(Records supplied)
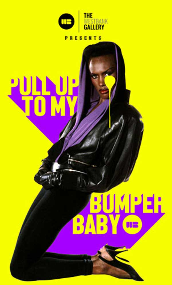 Pull Up to My Bumper Baby opens on Thursday 4th November 2021, 6pm until midnight down in the tunnel at 26 Leake Street, London, SE1 7NN. What happens beyond the 4th is left to the gods, nothing was said in the press release or on the gallery website )or in answer to our question).
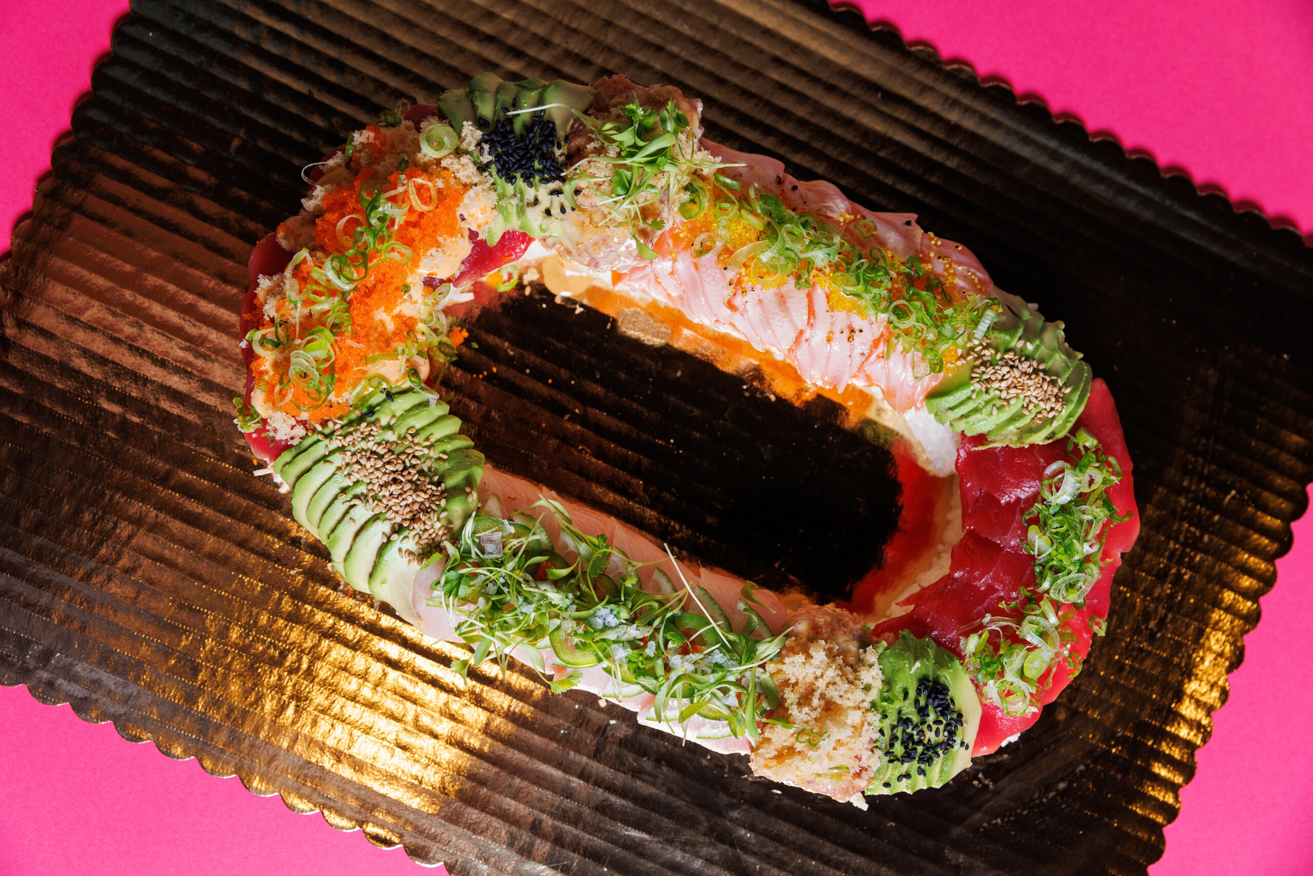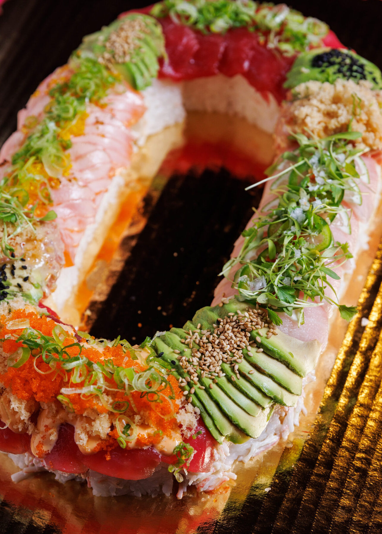 The cream cheese-filled rice “cake” is then artfully decorated in sections inspired by Rock-n-Sake’s most popular rolls. Each of the four corners is dressed with more krab and avocado. The remaining ends get generous layers of torched salmon, yellowtail and tuna—both sliced and spicy—along with toppings like tobiko, tempura flakes and jalapeños. Rest assured, the classic sushi sauces, ponzu, soy sauce and more, are served on the side with wasabi and ginger.
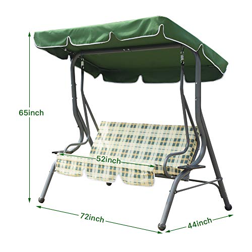 Patio swing is made of steel frame with protective powder-coated finish, overall dimension: 72 x 44 x 65in. Seat Dimension: 52 x 20 x 20 inch. and 3 in. thick, ensures large weight capacity (approx: 600lbs).
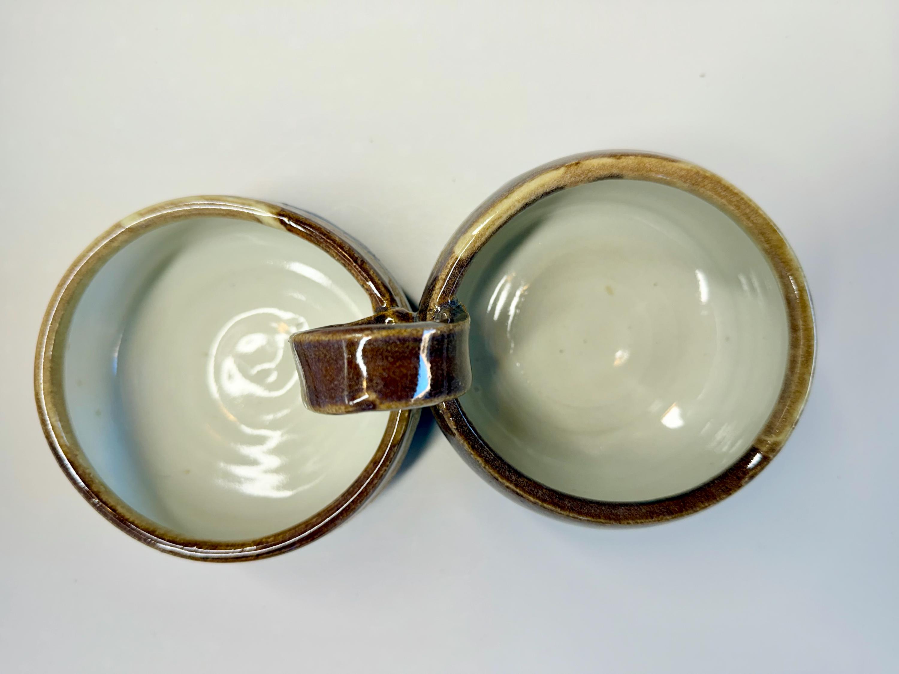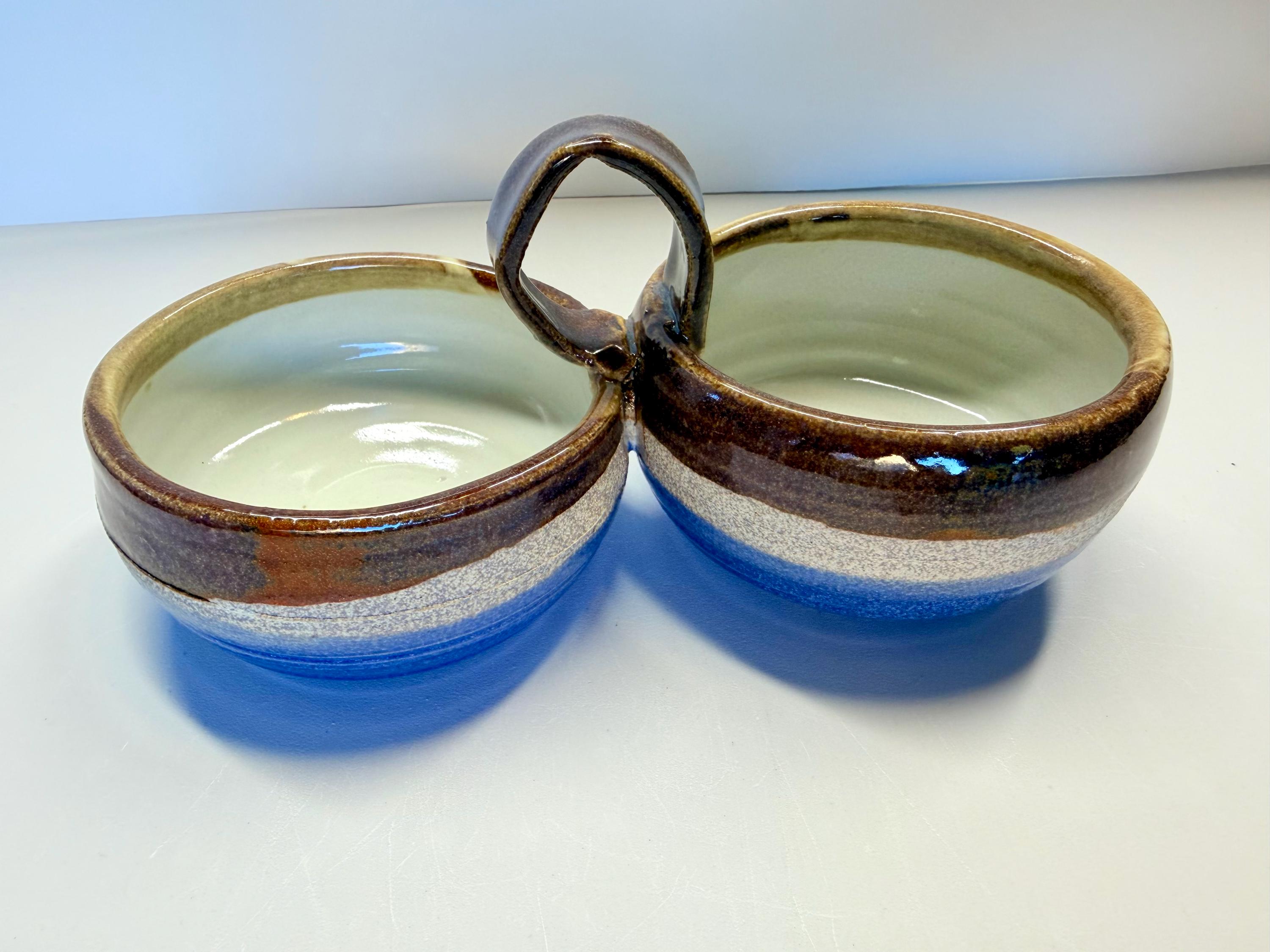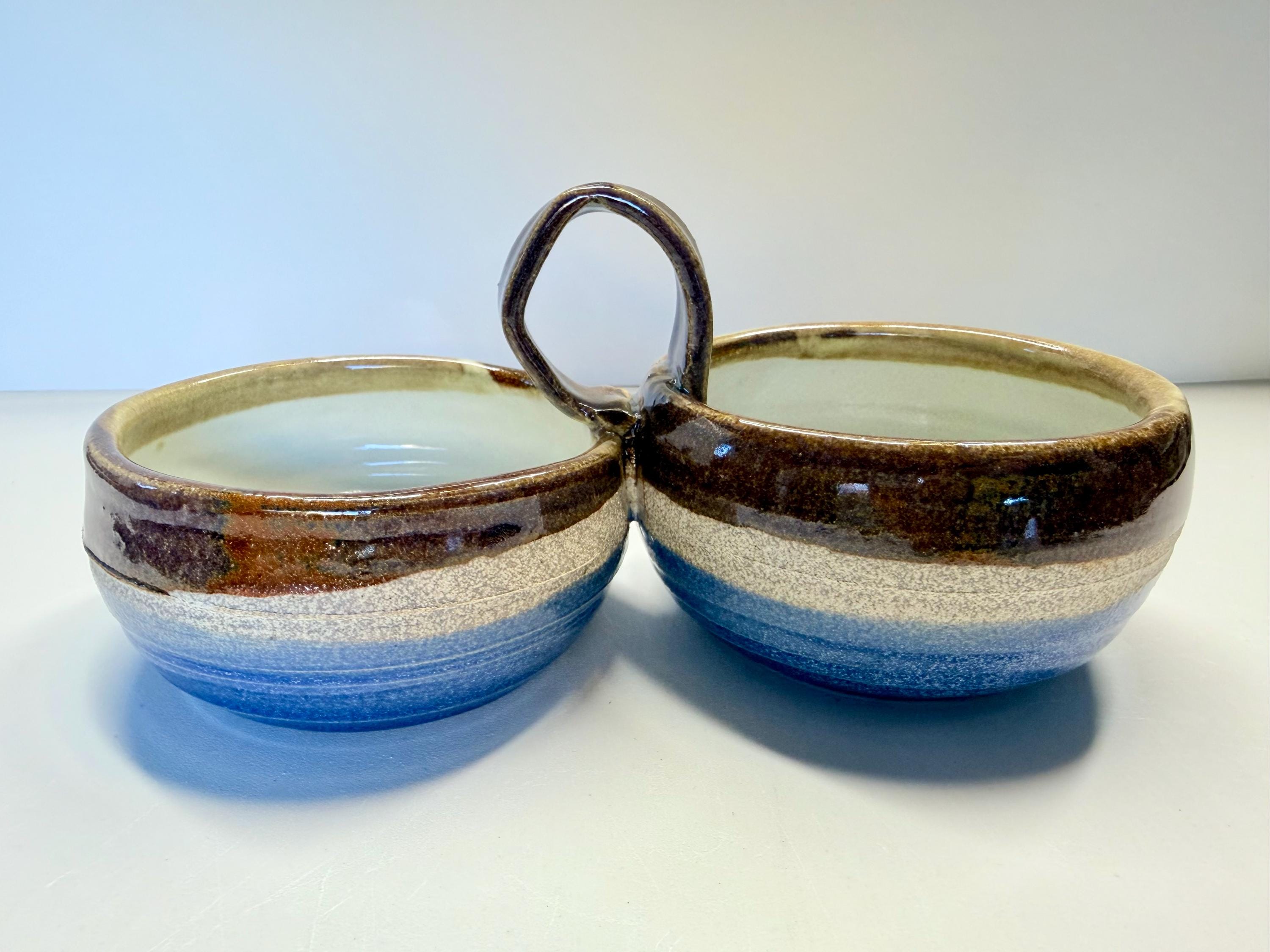This is a new form I have been playing with since last Summer. It would work for any type of sauce or dip…why choose between red or green sauce when you can have both! I threw a white clay and glazed this one with brown on top and blue on the bottom. I let some of the natural clay show between the 2 colors. And, as with all my pottery, it's one of a kind. So, if you like it, order it! I can make more, but I can’t guarantee how the glaze and clay will play together.
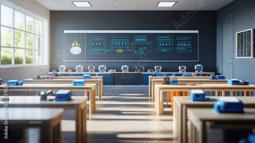 A robotics classroom with assembled robots, electronic components, and instruction manuals.
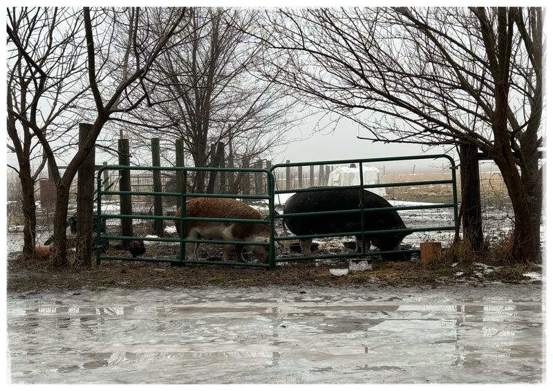 With the warm-up, FreeBee is a new hog. He has gone from lying on his side in the straw refusing food and wishing for a painless death to standing at the gate yelling at me to hurry up with that bucket. That pig just hates cold. I know this about him now so I don’t worry.
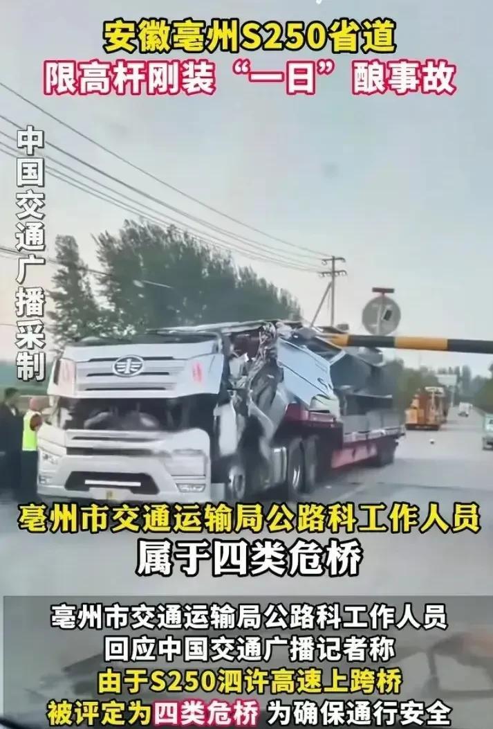 省道限高2.5米你没听说过吧,据报道安徽毫州因桥有安全问题,把S250道设置了限高2.5米,刚安装上第一天就出了问题,这是谁的错? 我个人认为,标识可能有,应该是不显眼,这不只是限道路高度,最重要的是限自己一生权职高度,可能幼儿园小朋友都知道限高后的严重性。出了问题,赔偿应该主管领导出部分,因为是你们批准的,大家说对不对?
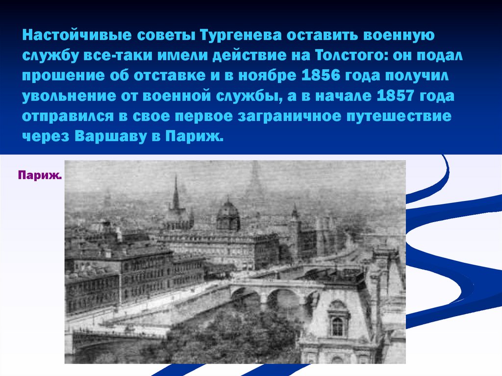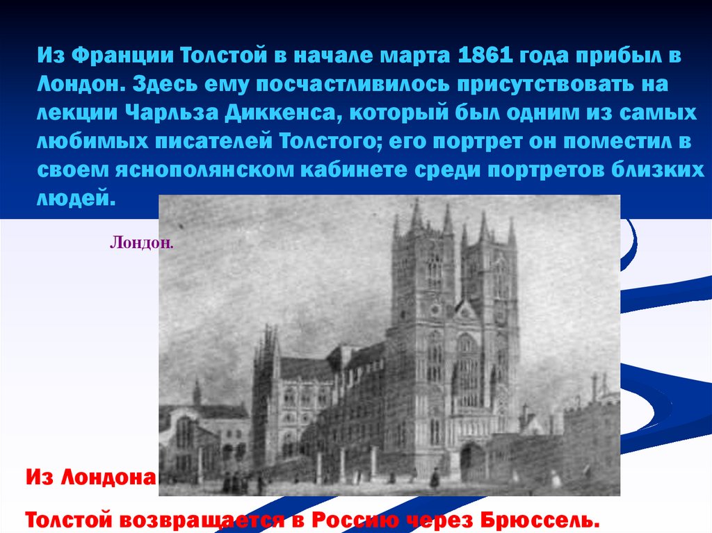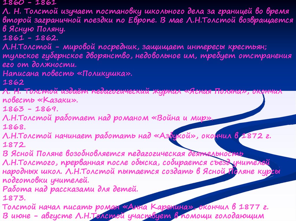1860 - 1861Л. Н. Толстой изучает постановку школьного дела за границей во время
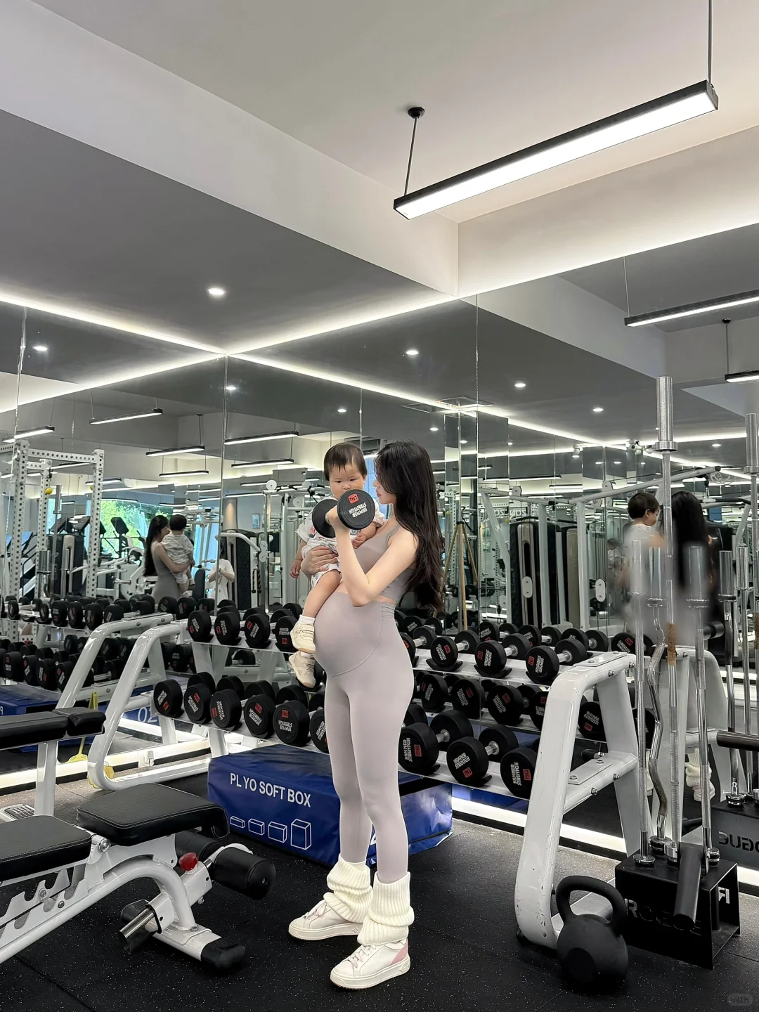 今天带着1岁2个月的女儿在健身工作室暴汗,很累但是也很爽,孕期也想做自己的女王,即便是二胎
(End Records supplied)
[Task to carry out]
Will you repeat the material above, but only from the line containing "1860 - 1861Л." through its last line, exactly and without the pictures?

[Result for this task]
1860 - 1861Л. Н. Толстой изучает постановку школьного дела за границей во время
 今天带着1岁2个月的女儿在健身工作室暴汗,很累但是也很爽,孕期也想做自己的女王,即便是二胎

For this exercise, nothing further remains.